Zepim Special Precautions





Full Prescribing Info
Special Precautions
Prescribing Cefepime HCl in the absence of proven or strongly suspected bacterial infection or a prophylactic indication is unlikely to provide benefit to the patient and increases the risk of the development of drug-resistant bacteria. As with other antimicrobials, prolonged use of it may result in overgrowth of nonsusceptible microorganisms. Repeated evaluation of the patient's condition is essential. Should superinfection occur during therapy, appropriate measures should be taken. Many cephalosporins, including cefepime, have been associated with a fall in prothrombin activity. Those at risk include patients with renal or hepatic impairment, or p.o. nutritional state, as well as patients receiving a protracted course of antimicrobial therapy. Prothrombin time should be monitored in patients at risk, and exogenous vitamin K administered as indicated. Positive direct Coombs' tests have been reported during treatment with Cefepime HCl. In hematologic studies or in transfusion cross-matching procedures when antiglobulin tests are performed on the minor side or in Coombs' testing of newborns whose mothers have received cephalosporin antibiotics before parturition, it should be recognized that a positive Coombs' test may be due to the drug. It should be prescribed with caution in individuals with a history of gastrointestinal disease, particularly colitis. Arginine has been shown to alter glucose metabolism and elevate serum potassium transiently when administered at 33 times the amount provided by the maximum recommended human dose of Cefepime. The effect of lower doses is not presently known.

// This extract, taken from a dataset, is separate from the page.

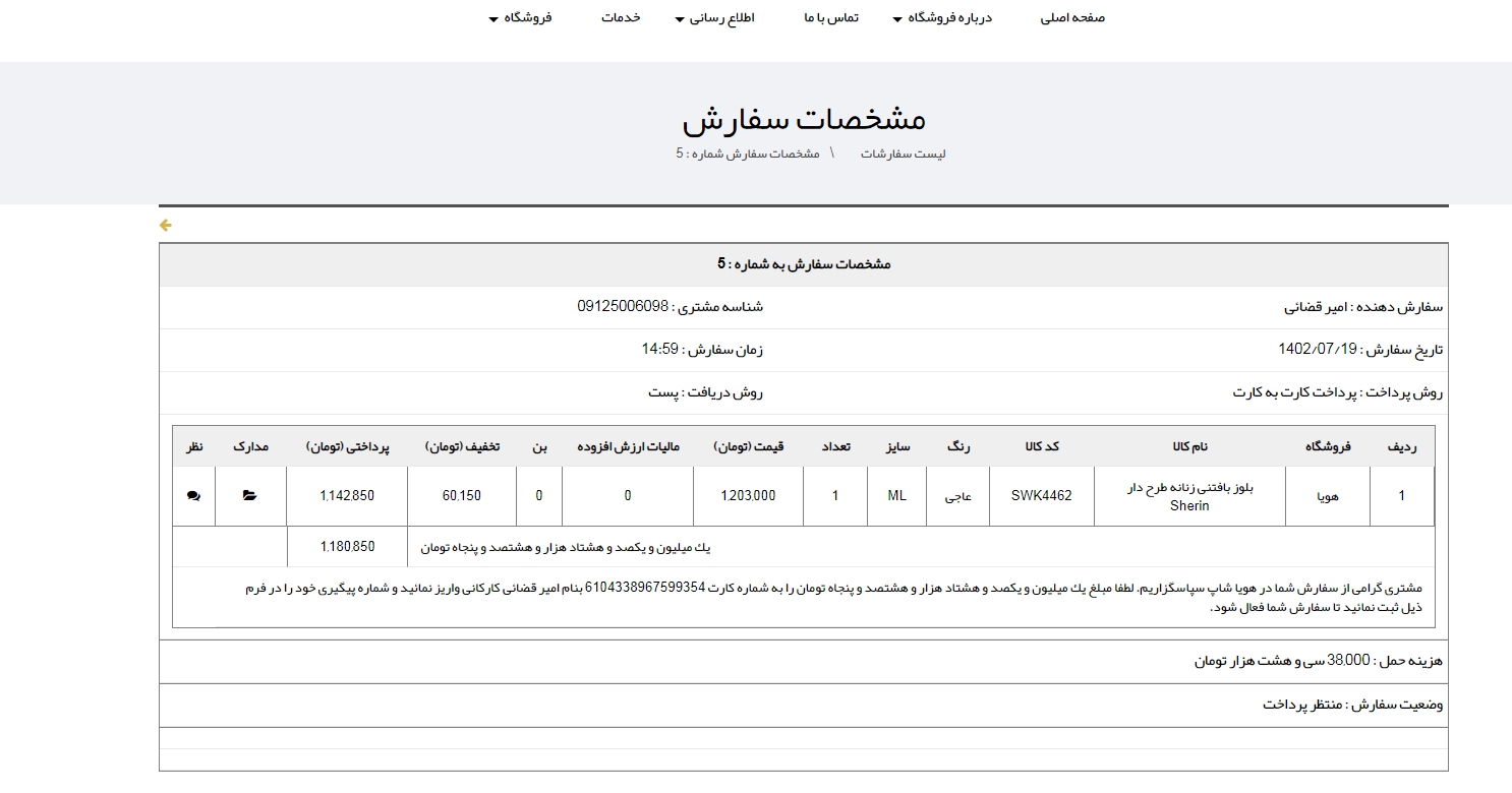 10- بعد از ثبت سفارش برگه سفارش برای شما صادر می شود که شامل مشخصات کامل سفارش شما ، مبلغ قابل پرداخت ، شماره کارتی است که باید پرداخت به آن انجام شود.

Carcinogenesis, Mutagenesis, and Impairment of Fertility: No long-term animal carcinogenicity studies have been conducted with cefepime. A battery of in vivo and in vitro genetic toxicity tests, including the Ames Salmonella reverse mutation assay, CHO/HGPRT mammalian cell forward gene mutation assay, chromosomal aberration and sister chromatid exchange assays in human lymphocytes, CHO fibroblast clastogenesis assay, and cytogenetic and micronucleus assays in mice were conducted. The overall conclusion of these tests indicated no definitive evidence of genotoxic potential. No untoward effects on fertility or reproduction have been observed in rats, mice, and rabbits when cefepime is administered subcutaneously at 1 to 4 times the recommended maximum human dose calculated on a mg/m2 basis.
Use in children: The safety and effectiveness of cefepime in the treatment of uncomplicated and complicated urinary tract infections (including pyelonephritis), uncomplicated skin and skin structure infections, pneumonia, and as empiric therapy for febrile neutropenic patients have been established in the age groups 2 months up to 16 years. Use of Cefepime in these age groups is supported by evidence from adequate and well controlled studies of cefepime in adults with additional pharmacokinetic and safety data from pediatric trials. Safety and effectiveness in pediatric patients below the age of 2 months have not been established. There are insufficient clinical data to support the use of Cefepime HCl in pediatric patients under 2 months of age or for the treatment of serious infections in the pediatric population where the suspected or proven pathogen is Haemophilus influenzae type b.
Use in elderly: Of the more than 6400 adults treated with Cefepime HCl in clinical studies, 35% were 65 years or older while 16% were 75 years or older. When geriatric patients received the usual recommended adult dose, clinical efficacy and safety were comparable to clinical efficacy and safety in nongeriatric adult patients.
Serious adverse events have occurred in geriatric patients with renal insufficiency given unadjusted doses of cefepime, including life-threatening or fatal occurrences of the following: encephalopathy, myoclonus, and seizures. This drug is known to be substantially excreted by the kidney, and the risk of toxic reactions to this drug may be greater in patients with impaired renal function. Because elderly patients are more likely to have decreased renal function, care should be taken in dose selection, and renal function should be monitored.